Source data:

--

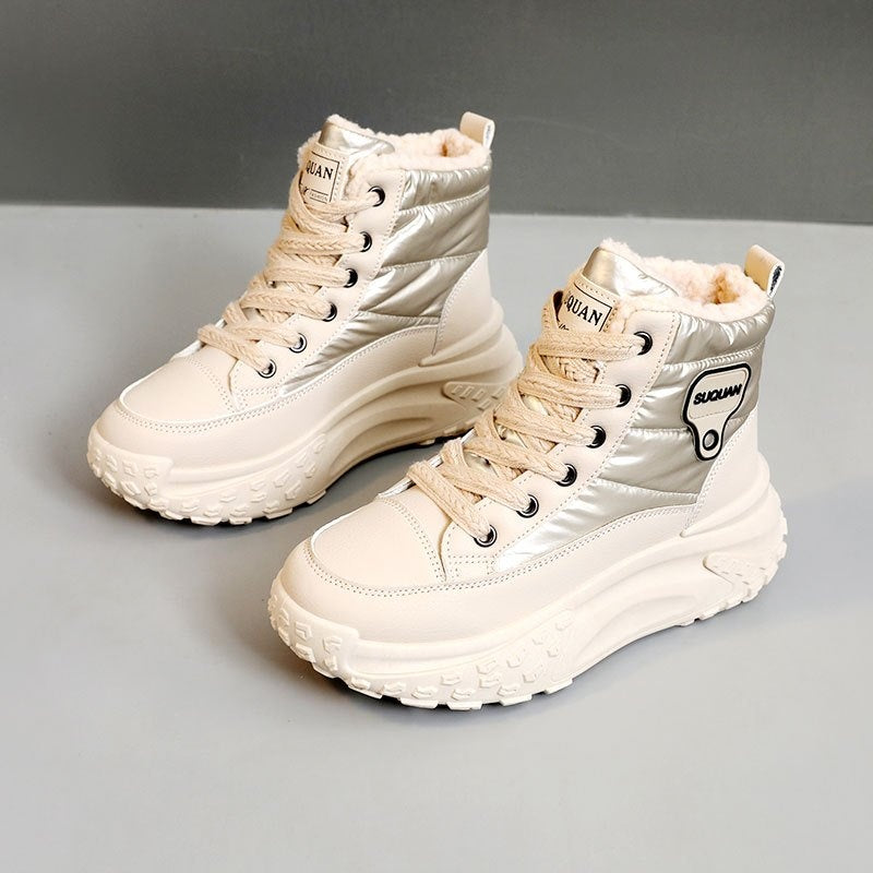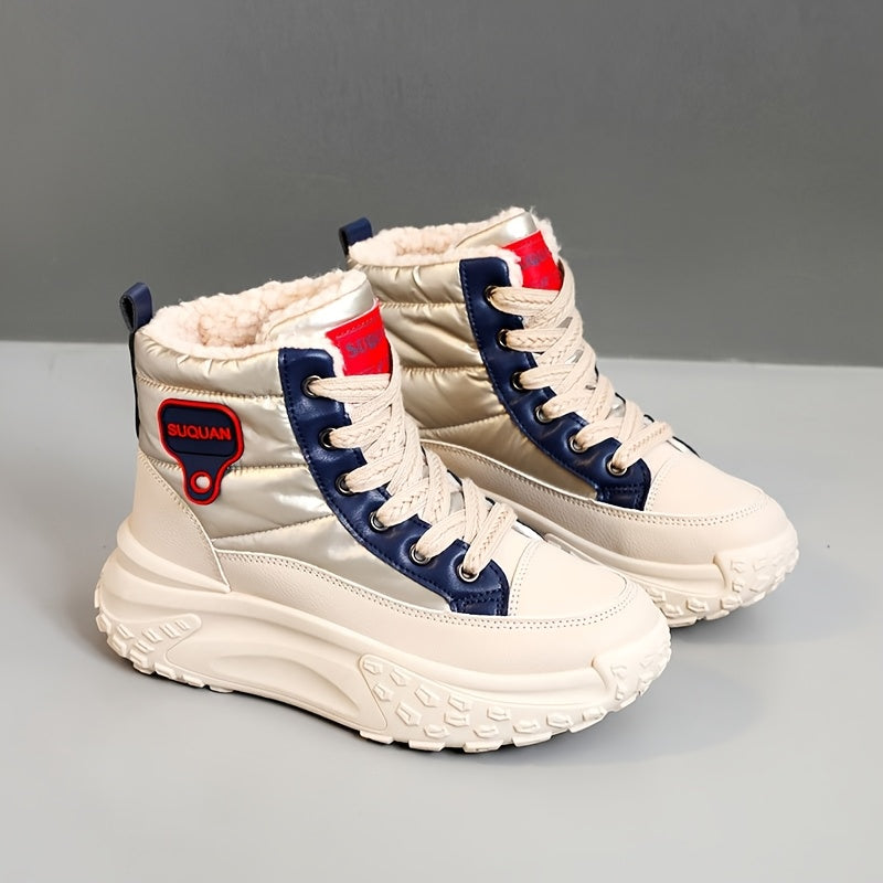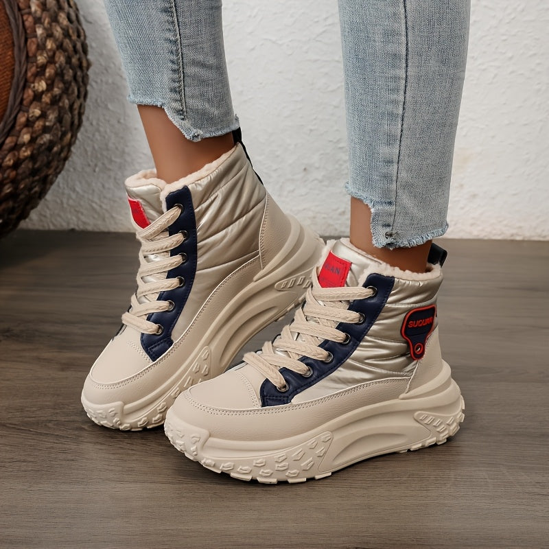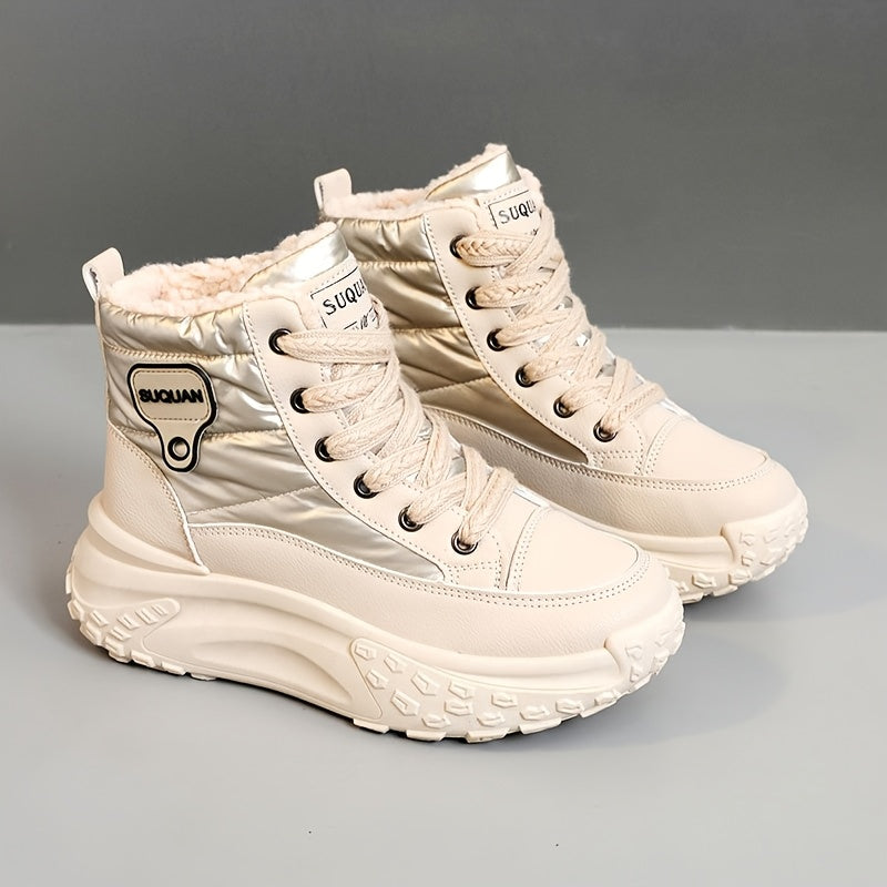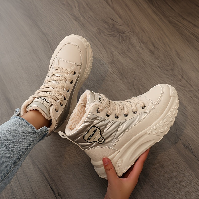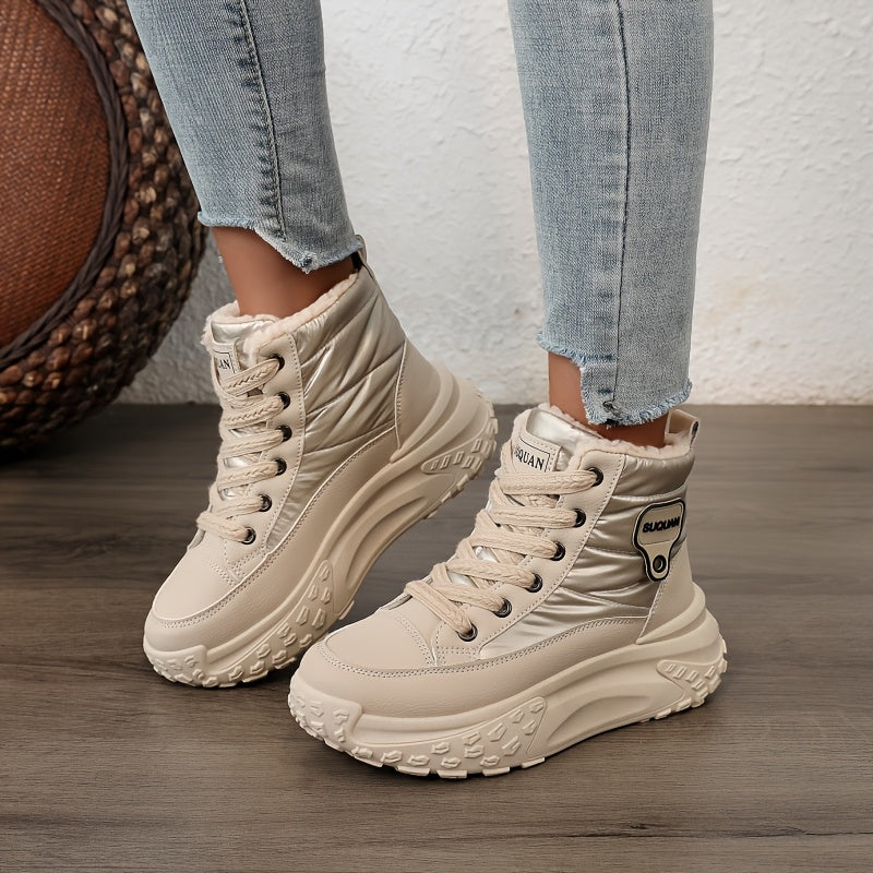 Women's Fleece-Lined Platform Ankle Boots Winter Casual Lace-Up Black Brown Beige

--

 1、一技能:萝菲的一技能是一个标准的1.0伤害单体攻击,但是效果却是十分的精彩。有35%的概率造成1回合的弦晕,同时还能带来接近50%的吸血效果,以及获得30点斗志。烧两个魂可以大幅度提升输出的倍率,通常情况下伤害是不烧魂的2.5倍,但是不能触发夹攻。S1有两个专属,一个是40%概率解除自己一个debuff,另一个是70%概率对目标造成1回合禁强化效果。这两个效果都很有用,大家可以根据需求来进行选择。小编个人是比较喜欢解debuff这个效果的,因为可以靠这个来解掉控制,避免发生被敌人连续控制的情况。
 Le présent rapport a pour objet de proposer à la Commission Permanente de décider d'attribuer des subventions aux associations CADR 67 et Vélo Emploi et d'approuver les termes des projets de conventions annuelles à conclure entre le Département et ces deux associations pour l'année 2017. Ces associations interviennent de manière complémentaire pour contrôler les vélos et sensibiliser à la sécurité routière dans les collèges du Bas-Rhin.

--

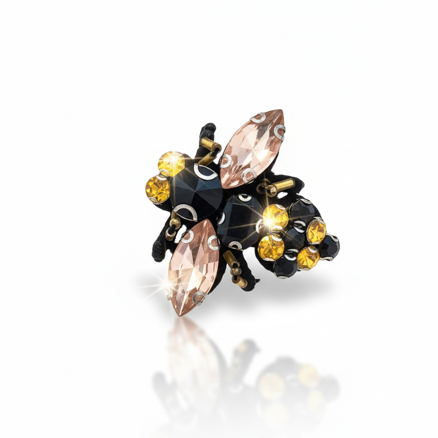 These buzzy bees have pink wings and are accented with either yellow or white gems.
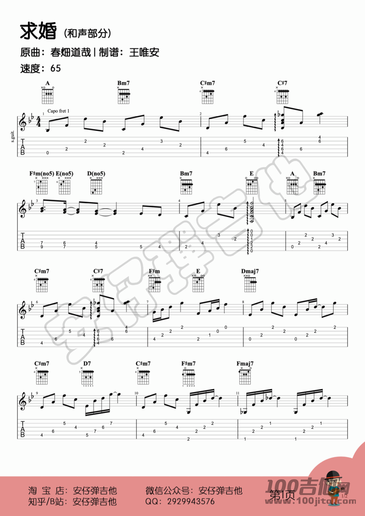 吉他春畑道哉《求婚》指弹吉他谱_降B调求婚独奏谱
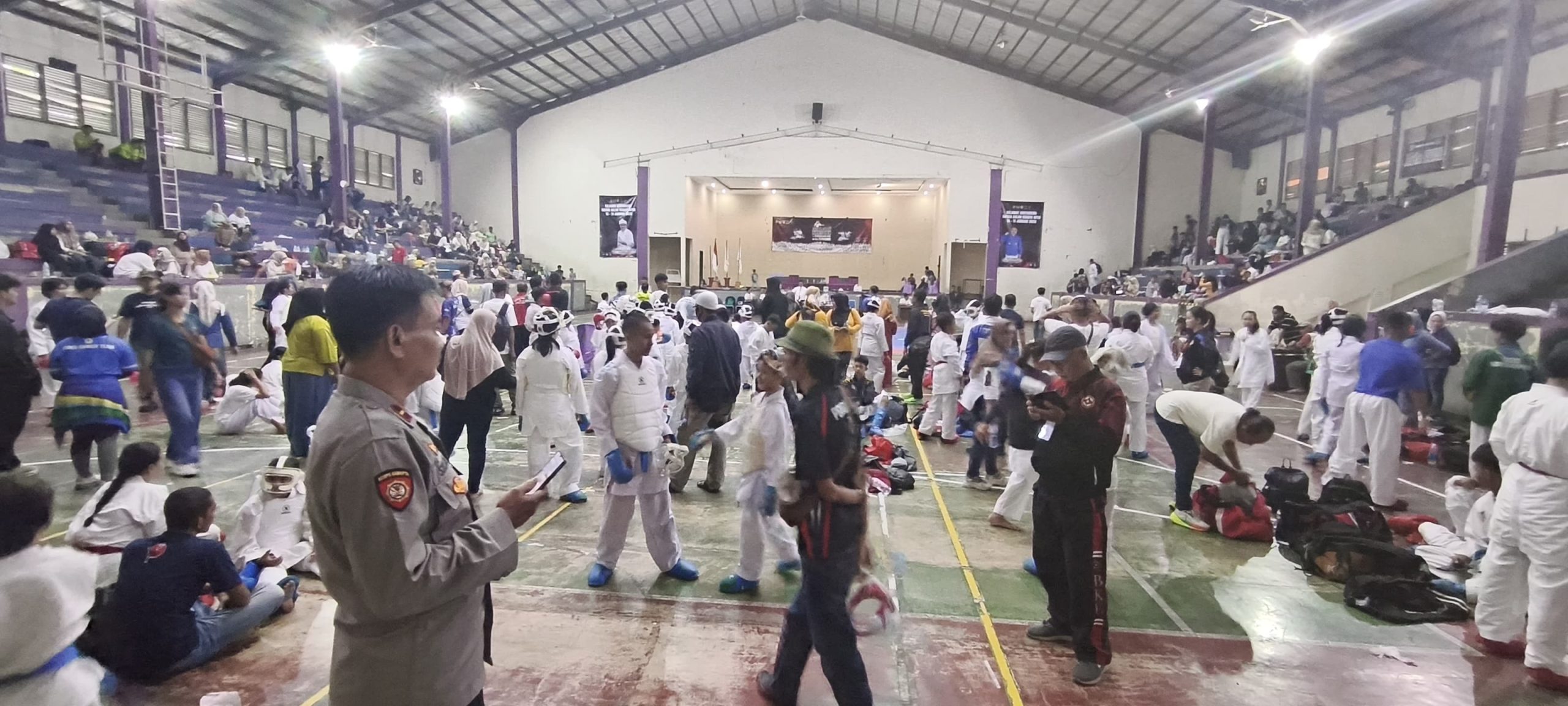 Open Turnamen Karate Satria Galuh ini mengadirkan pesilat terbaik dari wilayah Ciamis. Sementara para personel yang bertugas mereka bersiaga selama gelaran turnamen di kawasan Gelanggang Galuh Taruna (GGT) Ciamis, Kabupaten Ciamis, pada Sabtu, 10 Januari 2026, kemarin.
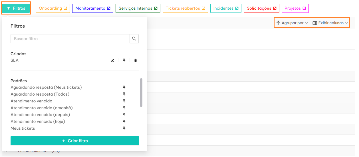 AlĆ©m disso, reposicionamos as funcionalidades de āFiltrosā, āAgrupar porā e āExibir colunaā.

--

Problem: Working from the records above, set down word for word everything from the line containing "Open Turnamen Karate" down to the line containing "AlĆ©m disso, reposicionamos", ends included, minus the pictures.

Task result:
 Open Turnamen Karate Satria Galuh ini mengadirkan pesilat terbaik dari wilayah Ciamis. Sementara para personel yang bertugas mereka bersiaga selama gelaran turnamen di kawasan Gelanggang Galuh Taruna (GGT) Ciamis, Kabupaten Ciamis, pada Sabtu, 10 Januari 2026, kemarin.
 AlĆ©m disso, reposicionamos as funcionalidades de āFiltrosā, āAgrupar porā e āExibir colunaā.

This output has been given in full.